The business community driving electric vehicles


EV100 is a new global initiative gathering companies that pledge to electrify their fleet by 2030 and use their collective influence and buying power to stimulate the electric vehicle market

Judging on recent news headlines alone, it is clear that the momentum behind electro-mobility is growing.

With the announcements by countries like France, China and the UK setting timelines for the end of the internal combustion engine and automakers including Volvo, Volkswagen and Jaguar Land Rover pledging to offer electric or hybrid versions across their whole model ranges, the transition has certainly begun.

What some may not have noticed is that global companies, too, are going “all in” for electro‑mobility, transitioning their fleets to electric vehicles and offering charging stations to staff and customers.

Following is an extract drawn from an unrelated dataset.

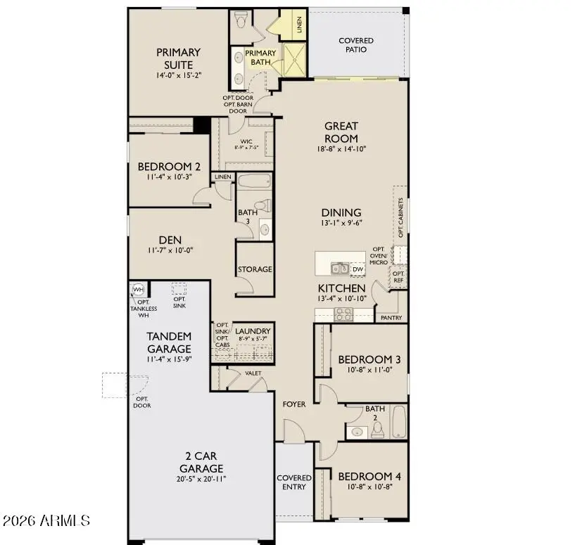 Introducing the Sage Plan, a brand new luxury Studio Collection plan at Aloravita--where refined desert living is elevated with a distinctive Harmony designer touch and showcased in a stunning farmhouse elevation. This beautifully appointed single-story home blends crisp finishes with warm, grounding tones--creating a space that feels both elevated and effortlessly inviting. Featuring 4 bedrooms, 3 baths, a private den, and a 3-car tandem garage with a garage service door, the Sage offers exceptional versatility wrapped in sophisticated design. The farmhouse exterior delivers timeless curb appeal with clean lines and welcoming character, enhanced by a pavered entry and EV outlet. Inside, the expansive great room serves as the heart of the home, where a dramatic 4-panel sliding glass doo

Keeping in mind that transport is one of the largest and fastest growing sources of GHG emissions – as well as a major source of the air pollution that is becoming an increasing health concern in cities around the world – their leadership is a key determinant of how far and how quickly we can make electric transport the new normal.

At The Climate Group, our mission is to speed up climate action. We work to drive the pace, scale and ambition of climate initiatives to limit warming to well below 2°C and ensure a prosperous future for all. We do this by working with leading businesses and sub‑national governments globally, supporting them to commit to our low carbon initiatives and then turn those commitments into action.

A campaign for action

At Climate Week NYC (18-24 September), we launched a corporate leadership initiative called EV100 – the only initiative of its kind to encourage global businesses to make commitments on electric transport. By using companies’ collective global buying power and influence to build demand and cut costs, EV100 aims to speed the transition to electric vehicles across the world.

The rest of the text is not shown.